2024 Election, Columnists, Mike Rosen, National, Politics, Uncategorized

Rosen: Trump, GOP must build a winning coalition

Assuming he survives the storm of Democrat lawfare in the courts, Donald Trump will be the Republican nominee for president in November.  I’ve been asked if I’d vote for him.  Practically speaking, my presidential vote won’t matter in Colorado given its domination by Democrats and left-leaning independents in statewide elections.  Trump lost here in 2016 and 2020 and will almost certainly lose in 2024.

Nonetheless, I’ll vote for him again, if only symbolically, as I have in the past.  Minor party candidates and write-ins are irrelevant.  I certainly won’t vote for Biden or any Democrat  anywhere since I flatly oppose their party’s coalition and progressive political agenda.  When Trump announced his 2024 candidacy I didn’t believe he was electable which is why I preferred some other candidates for the GOP nomination.

Since then, his electoral prospects have greatly improved.  Biden’s utter failure as president and decline in mind and body have overshadowed Trump’s shortcomings for many voters.  On top of that, the Democrats’ anti-Trump lawfare strategy has backfired.  Its overkill triggered a major Trump comeback reinvigorating his core and adding to his support nationwide.   The failure of his economic policies, his illegal immigration crisis, feckless foreign policy, degradation of our military, out of control government spending, our spiraling national debt, and lawlessness and disorder across the nation are reflected in Biden’s plummeting poll numbers.  A mounting tide of Americans hold him and Democrats accountable.

The Biden campaign can’t run on his record and can only try to disguise it.  So, it’ll be anti-Trump on steroids.  They’ll harp on Jan 6 with hysterical claims of an “insurrection,” that had no intent or means to overthrow the government or ability to overturn the election.  They’ll scare monger the abortion issue. But Trump isn’t an anti-abortion extremist and ought to be able to take the reasonable middle-ground on this during the campaign.

Biden’s biggest advantage is the Democrat electoral coalition of labor unions, government workers, academics, most minorities, “marginalized” identity groups, liberal media, greenies, leftist activists, etc. which is more organized and united than Republicans.  To win, Trump must expand his appeal.  His Trumpist core alone is simply not large enough to elect him.  Their enthusiasm counts for only one vote apiece.

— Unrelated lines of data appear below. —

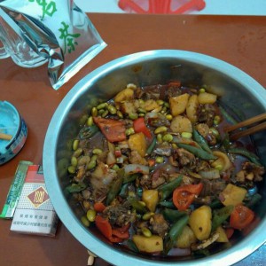 加入去皮土豆和豆米米,然后就开始烧鸡了。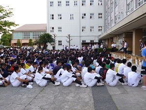 本日、放課後、ゴミゼロ運動を行いました。クラブ員と各クラスの美化委員の約560名の生徒の参加がありました。活動を始める前に、岡田教頭から環境デーが設立された経緯と意義について話がありました。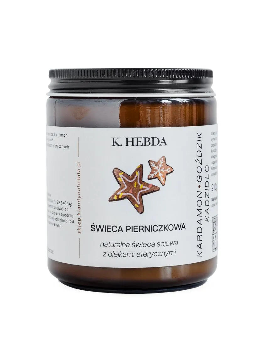 Ręcznie robiona, sojowa świeca Pierniczkowa to: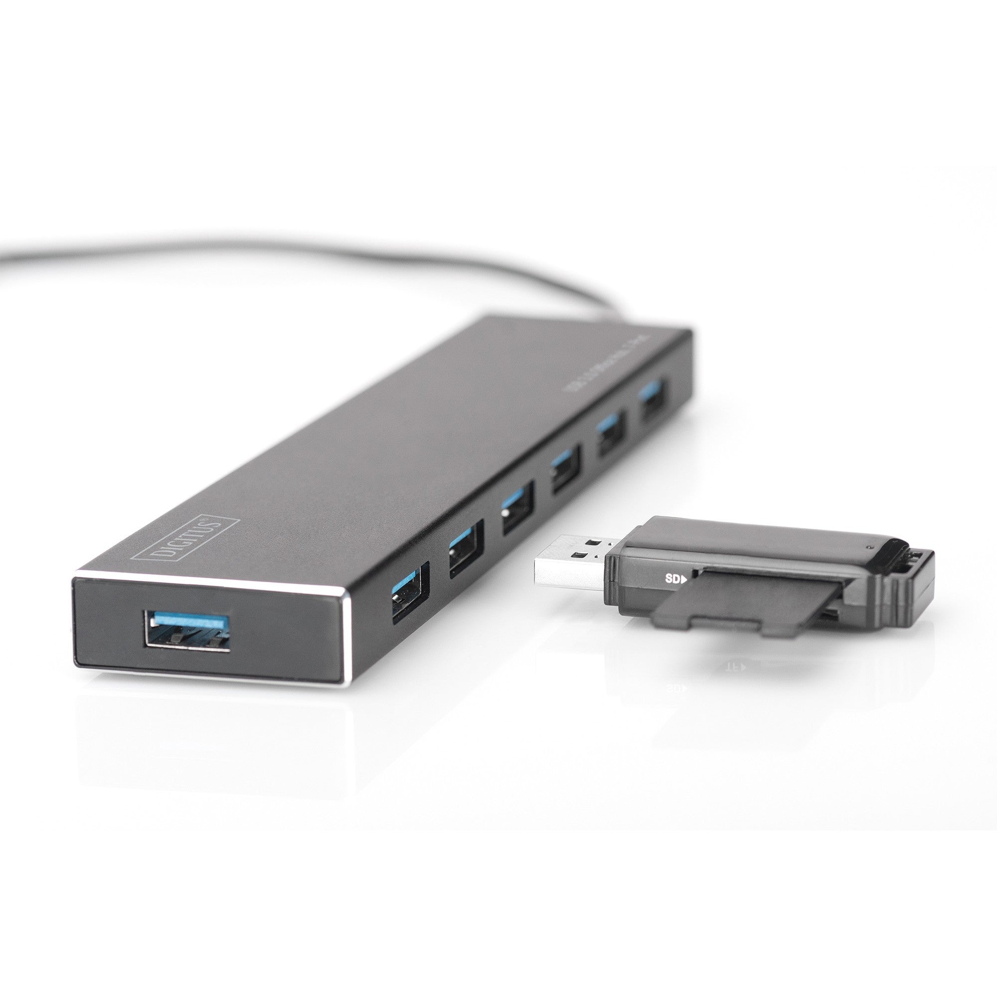 Digitus USB 3.0 Office Hub. 7-Port. Hostschnittstelle: USB 3.2 Gen 1 (3.1 Gen 1) Type-A. Hub-Schnittstellen: USB 3.2 Gen 1 (3.1 Gen 1) Type-A. Datenübertragungsrate: 5000 Mbit/s. Produktfarbe: Grau. Gehäusematerial: Aluminium. Energiequelle: USB. Eingangsspannung: 5 V. Eingangsstrom: 3.5 A. Unterstützt Windows-Betriebssysteme: Windows 10. Windows 7. Windows 8. Windows 8.1. Windows Vista. Windows XP Home. Unterstützt Mac-Betriebssysteme: Mac OS 9.1. Mac OS 9.2. Mac OS X 10.0 Cheetah. Mac OS X 10.1 Puma. Mac OS X 10.10 Yosemite. Mac OS.... Breite: 42.3 mm. Tiefe: 144 mm. Höhe: 14.3 mm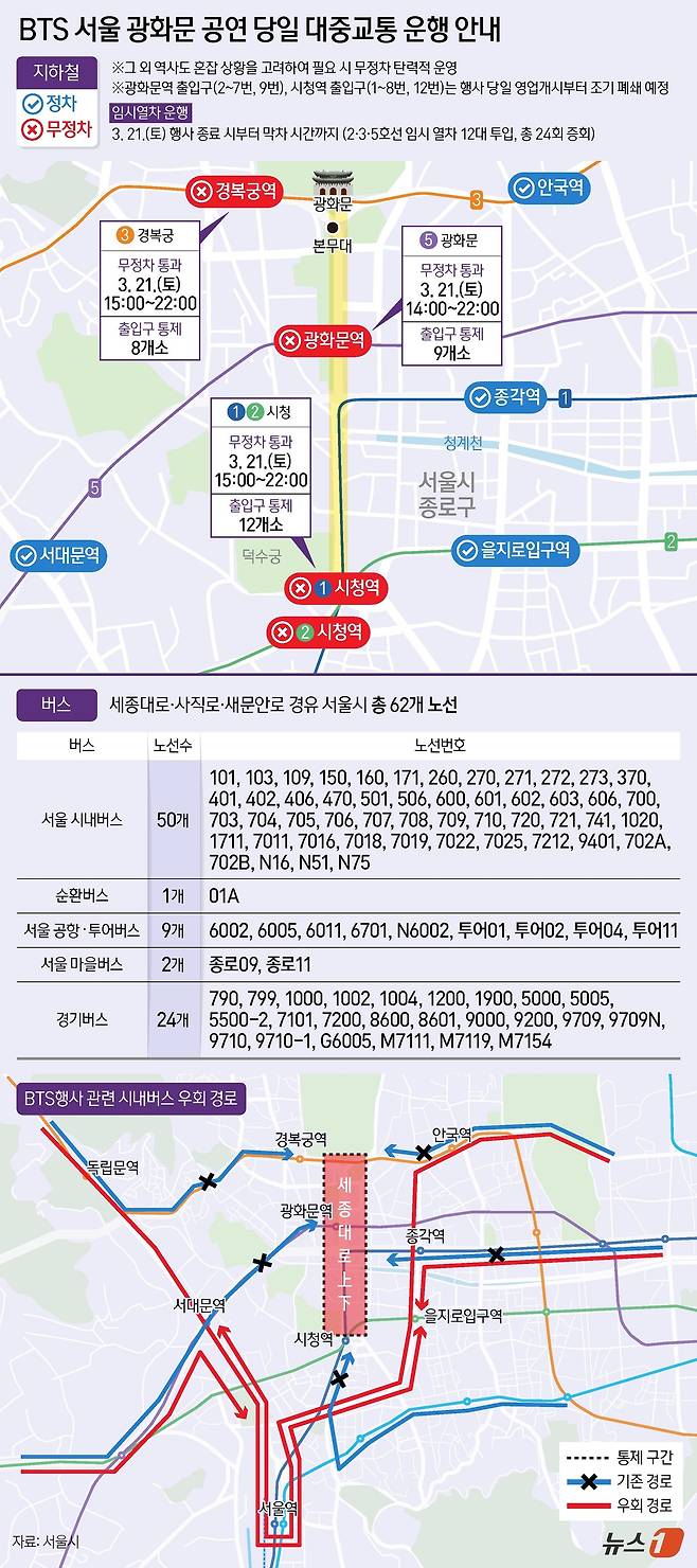 [그래픽] BTS 서울 광화문 공연 당일 대중교통 운행 안내

Trump’s sometime vicious and typically petty attacks on GOP rivals helped him win the nomination but haven’t paved the way to party unity.  He can’t win without that.  With the nomination in hand, he must change his strategy and tactics.  If he wants to win, it’s in his interest to do that — if he’s capable of it.  That means reaching out to moderate independents and making peace with the party’s mainstream.  Everyone who disagrees with you isn’t a RINO!  Drop that from your repertoire.  And don’t imagine that every audience you address is like the adoring crowds who turn out for your rallies.  You’ve already locked up the nomination.  Alter your tune and tone occasionally to broaden your appeal.  Your core will understand, they won’t desert you.

For its part, the Republican mainstream needs to make peace with Trump.  If either camp refuses to do that, Biden wins.  This can’t happen.  The stakes are too high.   It’s not unprecedented for political campaign rivals of the same party who’ve attacked each other to bury the hatchet, kiss and make up.  Principles are a good thing, but politics is about compromising when principles, policy and personalities conflict in order to empower your side to win an election and govern — which is the ultimate goal of politics.

If the U.S. and its World War II allies could join forces with Stalin and the Soviet Union to defeat a common enemy, right-wing, right-center, and centrist Republicans (there are no left-wingers) along with swing-voting independents can unite to elect Trump.  And, even better, elect enough Republicans to give the party a congressional majority so that we can break the gridlock and make substantial changes to reverse the Democrat-driven decline of the nation.  Maybe even Make America Great Again.

I’m not an impractical Never Trumper, but neither am I a Trump worshipper like his avid core for whom he can do no wrong.  It’s possible President Trump 2.0 can refine his style and improve his effectiveness but even if not, it’s absolutely certain that Biden or any Democrat president and the party’s agenda will push us further down the road to ruin.

All of this assumes Biden will be on the ballot in November, which based on his health and mental state is no certainty.  Many Democrat power brokers would like to replace him with a more electable nominee (certainly not Kamala).  That could change everything.

Longtime KOA radio talk host and columnist for the Denver Post and Rocky Mountain News Mike Rosen now writes for CompleteColorado.com.